Start of Block

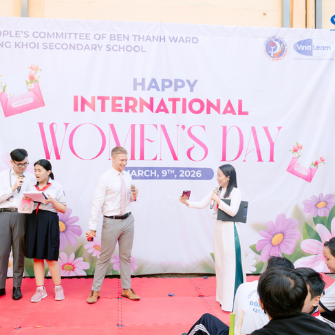On the morning of March 9th, Dong Khoi Secondary School’s courtyard was transformed into a vibrant hub of excitement. To celebrate International Women’s Day, the school, in collaboration with Vinalearn English Center, hosted an engaging English-themed assembly designed to boost students' linguistic confidence while honoring the invaluable contributions of women.
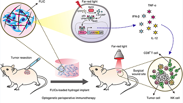 华东师大秀人网 叶海峰团队利用合成生物学造物致用的思想,巧妙地融合了光遗传学技术、肿瘤手术切除疗法以及肿瘤免疫疗法,开发了一种光控细胞药物工厂,实现远红光可控的、可长期按需调控释放免疫治疗剂的免疫调节工程细胞(FILC)。将该工程细胞包裹于生物相容性极高的水凝胶中,在肿瘤手术切除后植入切除部位,通过远红光光照两小时即可控制表达释放免疫调节细胞因子IFN-β,TNF-α,IL-12,从而调动小鼠自身免疫系统杀伤残余的肿瘤细胞,防止肿瘤复发和转移。
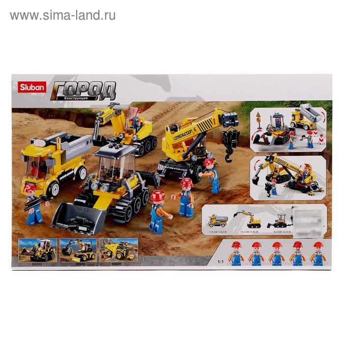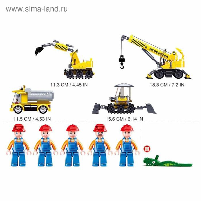 - Из конструктора ребёнок сможет собрать 4 машинки спецтехники, 6 фигурок и дорожные знаки.
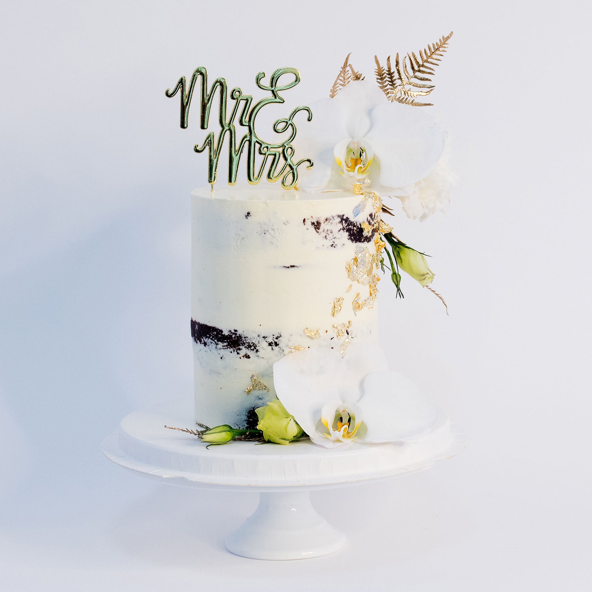 Notes: Any stands, toppers or props are for styling purposes only. These are not included with the cake. Flowers are not edible and need to be removed before serving.
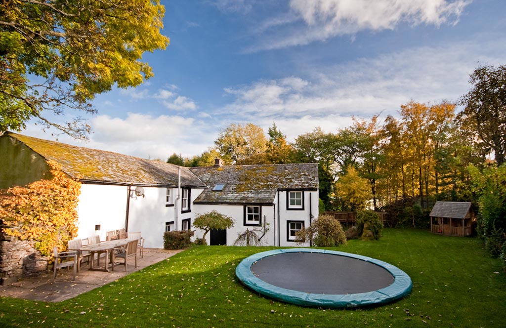 The cottage has its own stone terrace with garden furniture. The garden contains a sunken trampoline.
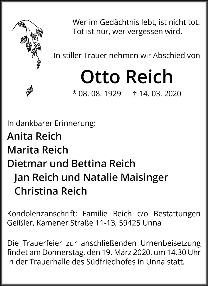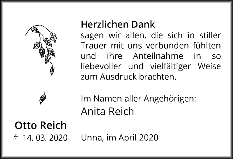 Hier finden Sie alle Traueranzeigen aus der Zeitung, die bisher für Otto Reich erschienen sind. Weitere Traueranzeigen, die in der Zeitung erscheinen, werden hier ebenfalls aufgelistet

End of Block

From the first line to the last, repeat the records above exactly, leaving out the pictures.

On the morning of March 9th, Dong Khoi Secondary School’s courtyard was transformed into a vibrant hub of excitement. To celebrate International Women’s Day, the school, in collaboration with Vinalearn English Center, hosted an engaging English-themed assembly designed to boost students' linguistic confidence while honoring the invaluable contributions of women.
 华东师大秀人网 叶海峰团队利用合成生物学造物致用的思想,巧妙地融合了光遗传学技术、肿瘤手术切除疗法以及肿瘤免疫疗法,开发了一种光控细胞药物工厂,实现远红光可控的、可长期按需调控释放免疫治疗剂的免疫调节工程细胞(FILC)。将该工程细胞包裹于生物相容性极高的水凝胶中,在肿瘤手术切除后植入切除部位,通过远红光光照两小时即可控制表达释放免疫调节细胞因子IFN-β,TNF-α,IL-12,从而调动小鼠自身免疫系统杀伤残余的肿瘤细胞,防止肿瘤复发和转移。
 - Из конструктора ребёнок сможет собрать 4 машинки спецтехники, 6 фигурок и дорожные знаки.
 Notes: Any stands, toppers or props are for styling purposes only. These are not included with the cake. Flowers are not edible and need to be removed before serving.
 The cottage has its own stone terrace with garden furniture. The garden contains a sunken trampoline.
 Hier finden Sie alle Traueranzeigen aus der Zeitung, die bisher für Otto Reich erschienen sind. Weitere Traueranzeigen, die in der Zeitung erscheinen, werden hier ebenfalls aufgelistet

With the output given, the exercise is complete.